#### What to produce:
You are asked to repeat the listing word for word and to leave out its pictures.
---------- Given information
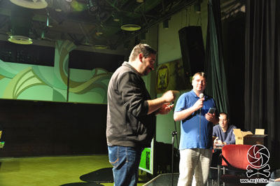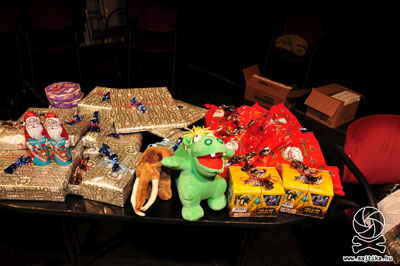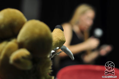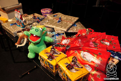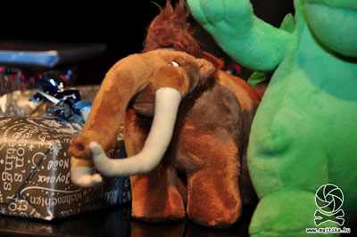 A tombolán TF-es, VÚ-s, HKK-s nyereményeken kívül sok meglepetés nyereménynek is örülhettek a szerencsések A fődíj, egy Beholder ajándékcsomag volt csupa remek ajándékkal, kiegészítve egy 5000 Ft-os beholderes vásárlási utalvánnyal is, amit egy TF-es játékosunk vihetett haza. Gratulálunk neki is még egyszer, és persze az összes nyertesnek. A Tombolán a szokásos jó hangulat volt most is. A már megszokott plüssök idén a félelmetes egyfejű sárkány volt és a még félelmetesebb törpemammut. És volt még volt egy meglepetés: a Megajégmotkány. Ez Katinak volt meglepetés, mert a Jégmágusok megszakítva a Tombolát, egyszer csak a színpadon teremtek és nekem adták a kabala állatkájukat, ami egy nagyon cuki, hatalmas plüss figura. El is nevezte Timotinak.
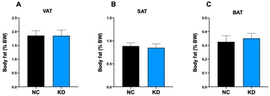 To evaluate the effect of ketosis on fat mass we determined the fat coefficient of the adipose tissue depots in KD-fed mice and NC-fed mice. This analysis revealed that 4-week ketosis is not able to trigger any change in adipose tissue depot weight, either white visceral adipose tissue (VAT) (Figure 2A), white subcutaneous adipose tissue (SAT) (Figure 2B) or brown interscapular adipose tissue (BAT) (Figure 2C).
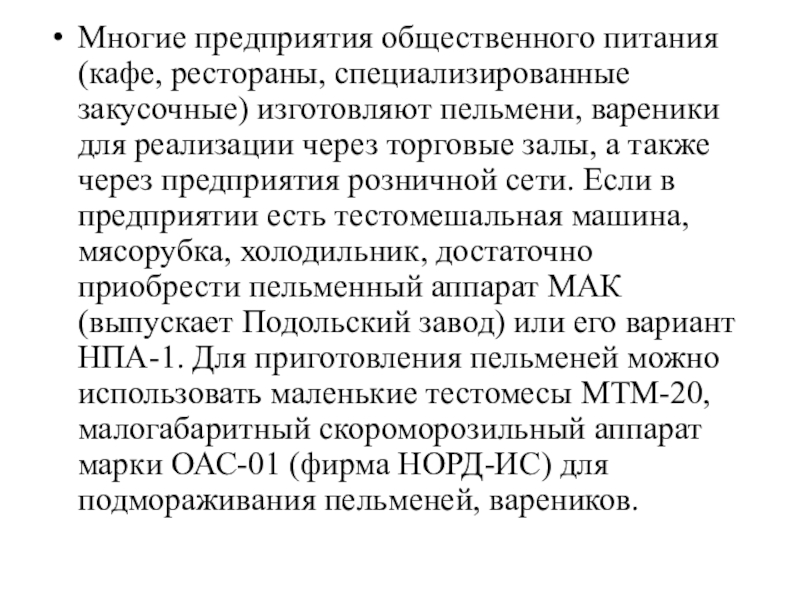 Слайд 16Многие предприятия общественного питания (кафе, рестораны, специализированные закусочные) изготовляют пельмени,
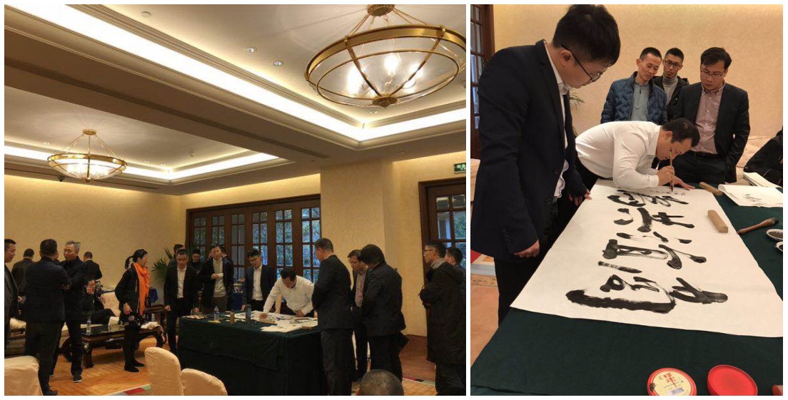 在茶歇的自由交流环节,,,,,特邀而来的pa电子游戏新质料品牌公关部总司理张瑞“即兴挥毫诗藏头,,,,,瞬间泼墨书图画”,,,,,献上了一道道精彩的书法“大餐”,,,,,引得嘉宾驻足围观、啧啧赞美,,,,,争相与墨宝合影。。。。。。。。
--------------------
#### Written response:
 A tombolán TF-es, VÚ-s, HKK-s nyereményeken kívül sok meglepetés nyereménynek is örülhettek a szerencsések A fődíj, egy Beholder ajándékcsomag volt csupa remek ajándékkal, kiegészítve egy 5000 Ft-os beholderes vásárlási utalvánnyal is, amit egy TF-es játékosunk vihetett haza. Gratulálunk neki is még egyszer, és persze az összes nyertesnek. A Tombolán a szokásos jó hangulat volt most is. A már megszokott plüssök idén a félelmetes egyfejű sárkány volt és a még félelmetesebb törpemammut. És volt még volt egy meglepetés: a Megajégmotkány. Ez Katinak volt meglepetés, mert a Jégmágusok megszakítva a Tombolát, egyszer csak a színpadon teremtek és nekem adták a kabala állatkájukat, ami egy nagyon cuki, hatalmas plüss figura. El is nevezte Timotinak.
 To evaluate the effect of ketosis on fat mass we determined the fat coefficient of the adipose tissue depots in KD-fed mice and NC-fed mice. This analysis revealed that 4-week ketosis is not able to trigger any change in adipose tissue depot weight, either white visceral adipose tissue (VAT) (Figure 2A), white subcutaneous adipose tissue (SAT) (Figure 2B) or brown interscapular adipose tissue (BAT) (Figure 2C).
 Слайд 16Многие предприятия общественного питания (кафе, рестораны, специализированные закусочные) изготовляют пельмени,
 在茶歇的自由交流环节,,,,,特邀而来的pa电子游戏新质料品牌公关部总司理张瑞“即兴挥毫诗藏头,,,,,瞬间泼墨书图画”,,,,,献上了一道道精彩的书法“大餐”,,,,,引得嘉宾驻足围观、啧啧赞美,,,,,争相与墨宝合影。。。。。。。。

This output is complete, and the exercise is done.